Monday, 23 January 2017: 4:45 PM
602 (Washington State Convention Center )
Past research on atmospheric rivers (ARs) highlights their significant contribution to total precipitation, with most focus on western North America and West Europe. However, the influence of ARs on global surface hydrology and water resources remains to be characterized and quantified. This is of particular relevance as a global AR detection and climatology study by Guan and Waliser (2015) led to the identification of considerable AR landfalls (and inland penetration) and fractional annual precipitation in areas with traditionally less scientific attention on ARs, such as South-East Asia, western Africa, Australia and South America. In this study we look at the way overland ARs alter hydrological extremes patterns across the globe.

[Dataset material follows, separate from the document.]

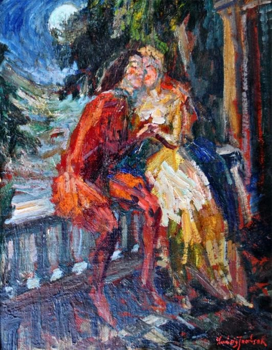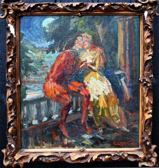 Jacobsen, Ludvig (1890 - 1957) Danmark. "Romeo og Julie". Olie på lærred. Signeret. 38 x 33 cm.
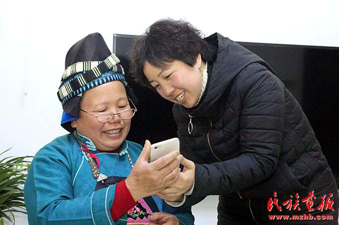 寧曼麗(右)和吳安麗在討論長(zhǎng) 10 米、寬 1.6 米的蠟畫(huà)《百鳥(niǎo)圖》

In particular, we identify the global catchments and regions where: a) the presence of ARs intensify high flows, and b) the absence of ARs lead to the prevalence of low flows. We perform a sensitivity experiment with a standard offline version of JULES Land Surface Model and CaMa-Flood Model in order to detect daily states of global river flow. So first we run a control simulation with standard meteorological conditions (obtained from the latest WFDEI global gridded reanalyses product). Second, we run a no-AR simulation by removing the precipitation corresponding from ARs as detected by Guan and Waliser (2015) from the total precipitation. Daily output runoff values from JULES (from the control and no-AR simulations) were provided to the CaMa-Flood model in order to obtain river discharge values and quantify AR impacts on river dynamics. Our results identify the regions of the globe where AR tend to play a major role in flood risk and hydrological drought, and help to provide water managers and flood forecasters/relief planners a scientific framework that may aid in their decision process.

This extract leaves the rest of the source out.